Furthermore, next-generation hospitals integrate smart air-handling systems that adapt in real time to occupancy and function. Combined with digital monitoring, these systems enable:
- early detection of air-quality fluctuations (e.g. humidity, CO₂ or particles)
- energy optimisation through demand-regulated ventilation that avoids over-ventilating empty spaces
- predictive maintenance for air-treatment systems (AHUs, filters, etc.)
In some hospitals, the same data can also be used to manage patient flows or prepare facilities for climate stress (e.g. during heatwaves or pollution alerts). As a result of all this, air becomes dynamic, adapting to conditions the way clinicians adapt to patients. Our teams are helping hospitals make this shift to connect IAQ with building management and clinical priorities in ways that are pragmatic, safe and transparent.
Charleroi: breathing room for recovery
Few projects capture this better than the Grand Hôpital de Charleroi in Belgium. Serving roughly half a million residents, the facility is among the most ambitious in Europe. From the start, air was treated as a design priority, not an afterthought.
More than 100 air-handling units supply a combined capacity of 1.2 million cubic metres per hour, feeding 23 operating theatres and 32 intensive care units. Each unit is monitored and adjusted digitally, creating a controlled yet flexible environment.
For patients, this translates into safety and comfort. For staff, it means assurance that their workplace is resilient. And for the hospital itself, it offers a model of sustainable infrastructure that treats hospital indoor air quality as an integral part of care.
Balancing clean air with climate goals
The clean air challenge is both medical and environmental. Ventilation and filtration consume energy and, if handled poorly, it can mean higher carbon emissions.

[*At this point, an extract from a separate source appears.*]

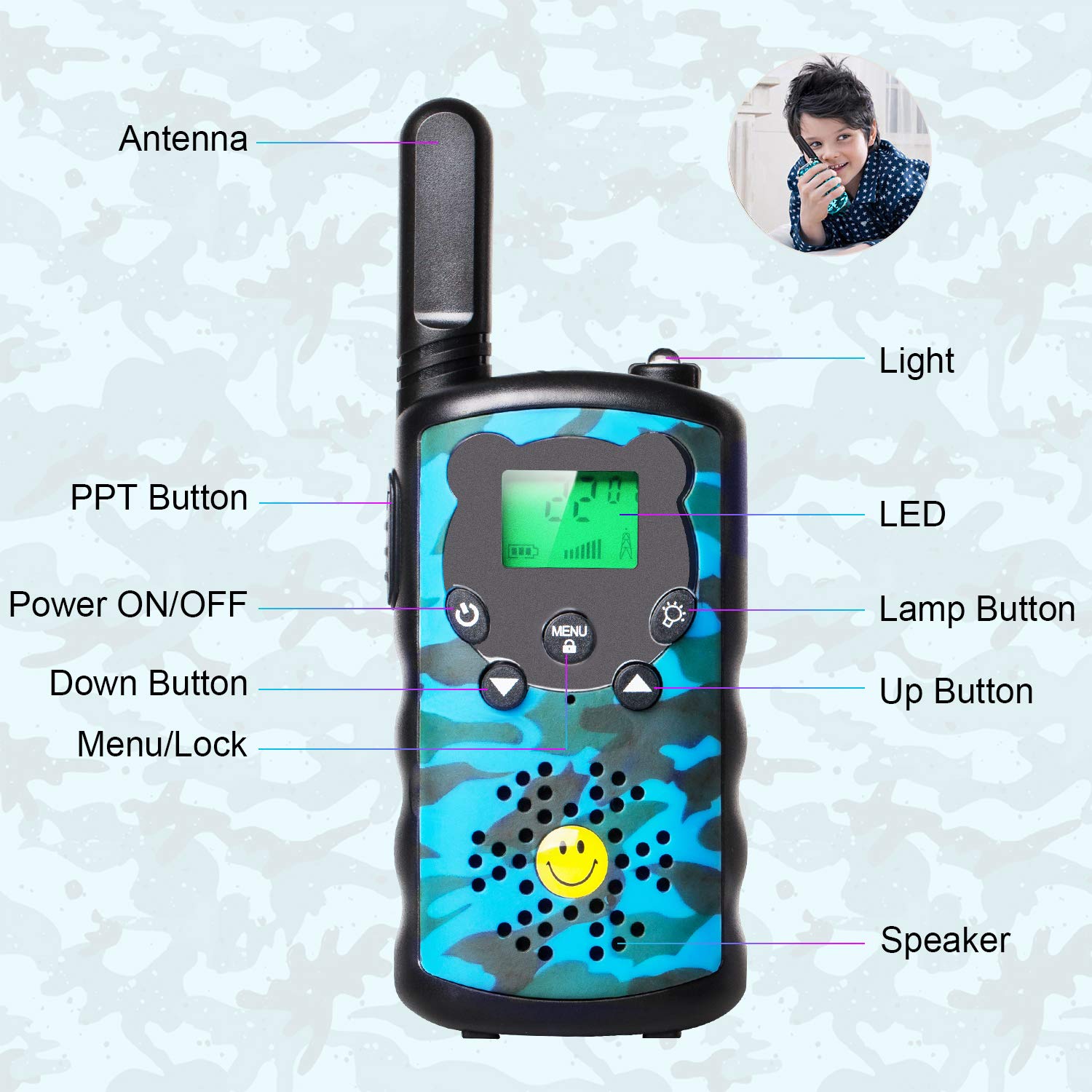 Brand: SAJGOP Color: blue camouflage Characteristics: [16 Channels and Over 4 km Range] This walkie-talkie set for kids features 16... Read more

The solution lies in integration. Hospitals that connect IAQ systems with building management systems can reduce waste while maintaining clinical standards. Demand-controlled ventilation saves energy during low-occupancy periods, while heat recovery and renewable integration make clean air compatible with climate goals.
The healthiest hospitals in the future will be those that protect patients and the planet at the same time.
The way forward: air as care
Air isn’t just part of the environment; it is an unseen factor in every act of care. Breathing is the most constant (and most forgotten) act we perform; that is, until we find ourselves out of breath or have to hold it because of some horrible odour. The “hospital smell” may never go away completely and may always make us feel a little uneasy, but behind that familiar association lies a deeper truth: the quality of hospital air defines how we experience healthcare services. It influences patient recovery, protects staff, reassures visitors and is a sign of responsible management.
We believe air deserves the same attention as any other aspect of care. It is invisible but not neutral. Every hospital project is a chance to design an air system that heals as much as it protects. In the end, patient well-being isn’t just determined by the care they receive but the air they breathe every second of every day while they are being treated.